We thank Dr Paul Emery and colleagues for their letter and we are happy that our study has stimulated useful comments. Indeed, the published “Letter” provided only a limited opportunity to describe detailed data. We were not able to publish the full text paper of knee patellar enthesitis because of some overlap of the data with our published study on heel enthesitis.1 Table 1 summarises the findings of both ultrasound (US) and magnetic resonance imaging (MRI) examinations of enthesis in each individual case. It also shows the frequencies of these described US and MRI findings and how these imaging modalities correlated with each other. We identified bone oedema in two cases: the two patients had reactive bone oedema secondary to patellar tendon inflammation that was maximal at the entheseal insertion, indicating osteitis associated with enthesopathy.
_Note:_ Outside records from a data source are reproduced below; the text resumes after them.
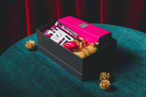 チョコレートフレーバーのしっとりガトーショコラを唇型「ビズビズ」の形でご用意。デコレーションはピンク色のアイシングと粉砂糖でクリスマス仕様に。少しビターな味わいのガトーショコラの中はしっとりとした味わいで、アルコールにも合うケーキとしてお楽しみいただけます。
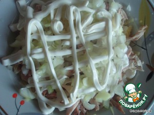 3 слой- лук (предварительно его замариновать или ошпарить кипятком) +майонез
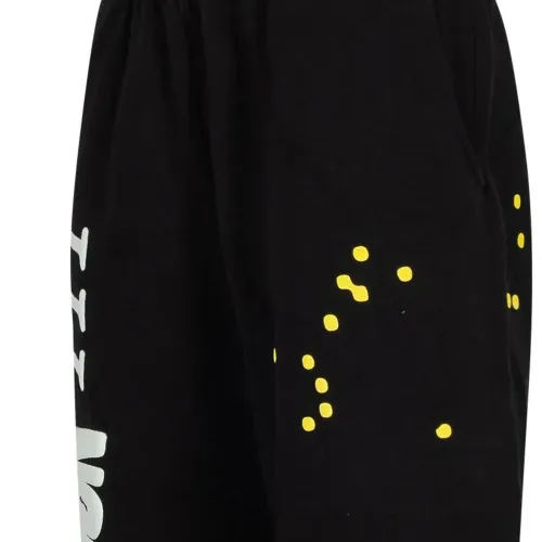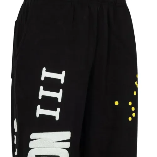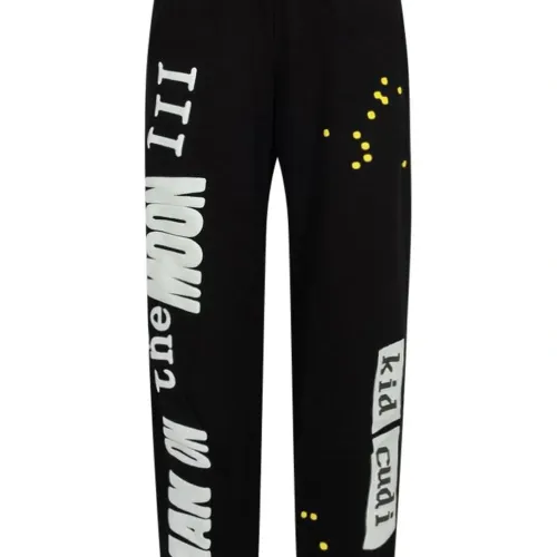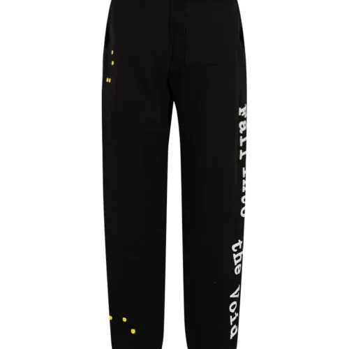 Черный, хлопок, принт с надписью сбоку, эластичный пояс, два кармана по бокам, накладной карман сзади и эластичные манжеты.

As regard the comment on calcification, the US was sensitive and accurate in detecting the early development of calcific foci in the patellar tendon in 2/16 (12.5%) patients, while MRI failed to recognise their presence (please refer to the previous published figures).2 The detection of an early calcification process by US was found to be a clinically important sign because it did not correlate with the disease duration. Further, the development of calcific foci in the patellar tendon was less frequent than the calcification of Achilles tendon of heel enthesitis.1,3 The two patients were aged 26 and 34 years, neither of them had a history of local steroid injection into the knee and so the calcification was not an age related phenomenon, rather it was secondary to a previous local steroid injection. We wonder how our colleagues came to the conclusion that we used the presence of calcium deposition as a clue to making a diagnosis of enthesitis. This was not mentioned in our letter or in our previous reports dealing with the diagnosis of enthesitis.1–5
The interobserver variability of sonographic readings was assessed by video recording the US examination and comparing the images obtained sequentially by three independent observers (sonographer, radiologist, and rheumatologist), who were unaware of the patient’s name or clinical diagnosis. Agreement between readers’ interpretation was statistically assessed using the weighted κ ranges from 0 (no agreement beyond chance) to 1.0 (perfect agreement beyond chance). The interobserver variability was negligible and yielded an excellent coefficient of r = 0.89 (baseline), r = 0.82 US, and r = 0.74 MRI. Therefore, the presented US data were statistically significant and clinically reproducible.
We are currently combining US examination with power Doppler for some cases when we expect proliferation of synovial tissue and/or other related soft tissue components. It was not practical to include detailed data in a “Letter”. These data deserve to be published in a separate report.
As our colleagues mentioned in their letter, we presented interesting data that describe the anatomical and pathological variations of enthesitis in the heels and knees. We strongly believe that the US examination is a very useful and reliable procedure for the diagnosis of enthesitis of different joints.